Pioneering maths has Big Mining’s support

By John Satterley

Thats the good word from Adelaide-based Emeritus Professor David Lee who has spent the past decade applying mathematical network theory on ways to optimise the design of underground mines; places he terms underground cities where tens of millions of dollars can be spent.
Global mining company Newmont Asia Pacific has been a major supporter of his work, which has seen the development of software packages like DOT a decline optimisation tool.
More recently he has become involved in finding how mathematical theory can be applied to rail systems to help alleviate the infrastructure blockages such as those experienced in the Port of Newcastle.
An article about Prof Lee in the University of SA newspaper UniSA News prompted this interview to see if his work could help contract miners in particular.

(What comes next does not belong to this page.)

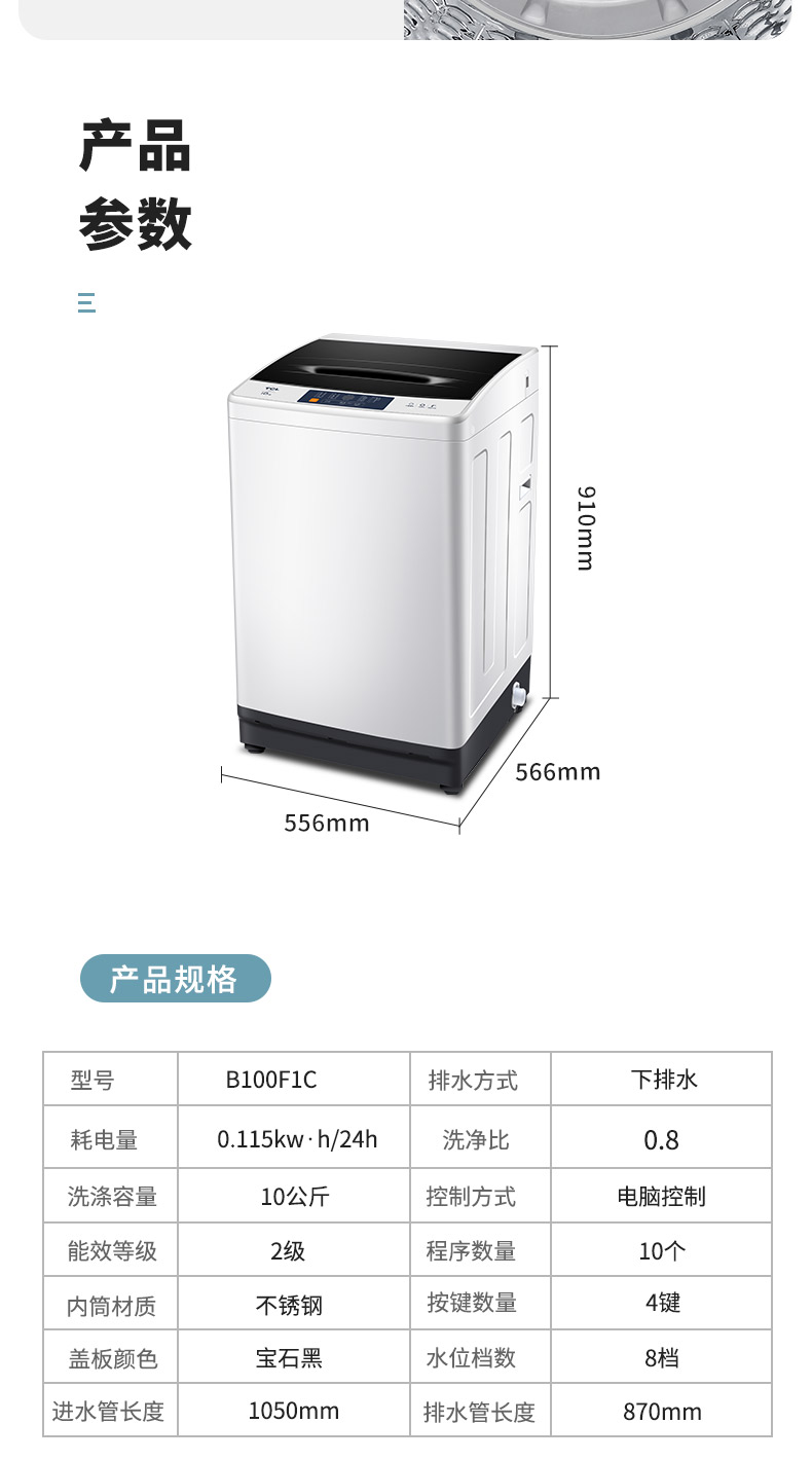 TCL 全自动波轮洗衣机 B100F1C 10公斤(单位:台)白色 白色

He gave the interview the day after he and a PhD student completed a study for a local mining company that analysed the case for using road trains underground to move the ore.

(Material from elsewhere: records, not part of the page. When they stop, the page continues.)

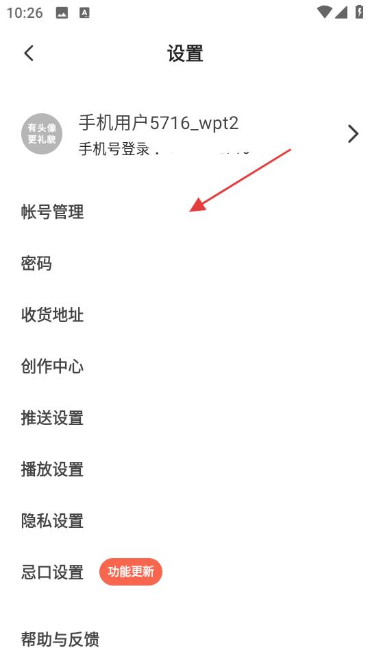 2、設置頁面呈現用戶賬號信息,羅列賬號管理、密碼等多項功能,忌口設置,點擊賬號管理。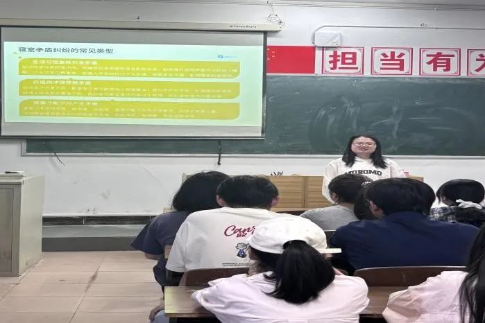 栾老师首先给大家介绍了寝室矛盾纠纷的成因与应对方法,讲述了寝室矛盾纠纷的常见类型有:生活习惯差异引发矛盾、价值观冲突导致矛盾、资源分配不均产生矛盾等。同时也说明了应对寝室矛盾纠纷的策略包括:沟通技巧与方法、冲突调解与协商、情绪管理与疏导等。这些内容有效地推进了员工心理健康教育和寝室管理工作做深做实,为员工校园生活的和谐与稳定提供保障。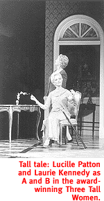 The whole first half of this two-act play is a tug-of-war among these three characters, a struggle that's sometimes as tedious, and as painful, as listening to one's aged loved ones recounting the same stories again and again. Yet the way Albee writes of the random stirrings of memory among the aged is near-perfect, as is his depiction of the heartbreaking deterioration of the body and the loss, through mental collapse, of one's own life before death. It's an uncomfortable work to sit through, because it touches so closely on the lives of its audience. And it reminds us, as B is at pains to point out to C, that the long sweep of a person's life heads inevitably toward the final breath. But Albee is also a clever dramatist, and he deftly shifts the play in the second half from the universal to the particular. By making use of a theatrical twist that would be unfair to give away (it's a twist that left the ATC audience gasping), the playwright switches the drama from a dissection of the universal ages of woman, to the particular life circumstances of the character called A. Albee writes in a program note that A is loosely based on his own adoptive mother, a combative, paranoid woman who died in her 90s before he wrote the play. Three Tall Women becomes a personal investigation into the hows and whys of the person his mother became. Here the writing is nothing short of masterful, though we travel Albee ground already made familiar in such plays as Who's Afraid of Virginia Woolf? Cynicism about marriage and fidelity, disappointment in children, alcoholism, greed, ambition and revenge have all have made their mark in the composition of A's life, a life that we nevertheless come to understand if not admire. Albee shows himself especially acute to the particular condition of women of his mother's generation and class, women forced to make their way in an unforgiving world through grit and good looks.q Three Tall Women is a brave work that took some courage for ATC to stage. A collaboration with the Dallas Theater Center, where it played before opening in Tucson, the production has the advantage of being directed by Lawrence Sacharow, a frequent Albee director who directed this work's American premiere.

Prof Lee was pro vice chancellor of research at the university for five years before retiring to continue research as an emeritus professor. When I retired I thought network theory could be used to design mining operations in underground spaces but it had never been done before, he says.

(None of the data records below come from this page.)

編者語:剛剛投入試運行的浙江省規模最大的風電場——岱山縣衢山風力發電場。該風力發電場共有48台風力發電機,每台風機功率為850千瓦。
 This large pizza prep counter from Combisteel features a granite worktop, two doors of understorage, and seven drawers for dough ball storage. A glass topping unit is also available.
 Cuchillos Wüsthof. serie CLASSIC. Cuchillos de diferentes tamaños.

Melbourne University had one of the best network research groups in the world so I linked in with them. We have now reached the stage where six of the top mining companies in the world are sponsoring our research.
Hopefully mining software suppliers Maptek, Datamine and Gijima, who are also sponsors, will market the sequence of mining software packages developed through the project, which is due to be reported on this year.
Prof Lee says:  If you have an underground deposit, we have software now in this (research) group, that will design the stopes, design the access to the stopes and schedule the mine for maximum value.
The decline design tool is not restricted to single paths. We can now handle branching or tree networks. We are working with people who specialise in optimal stope layout. Another group is working on optimising mine scheduling.
Network theory stands back from the detail of the underground construction and declares: this is really just a set of lines joining points underground.
Mathematicians have studied how to find things like the shortest path through the network or the best cycles through the network. Here we had to adapt network theory to handle key operational constraints such as gradient and turning circle restrictions.
You can have a poor decline design or a good one, and mathematics helps you find the good one. A mine is a long timescale project, so the question is where do you start and how do you progressively develop that mine for maximum value.
If your haulage costs are high because you have chosen a particular network then you have a suboptimal solution over the life of the mine. The best way of getting the ore out should be considered at the same time as you design the infrastructure.
Prof Lee says a number of mining companies are looking at using road trains underground. However, to do so the question must be asked: do you get more tonnes for your dollar using road trains or ordinary trucks? We have found that a key issue for a road train design is finding the best places for the passing lanes.
If your location is wrong you will have a road train frequently delayed because the passing lane is in a bad spot for the operating schedule. Road trains are very expensive and at the end of a shift if you have lost an hour your schedule or underground layout is costing you money.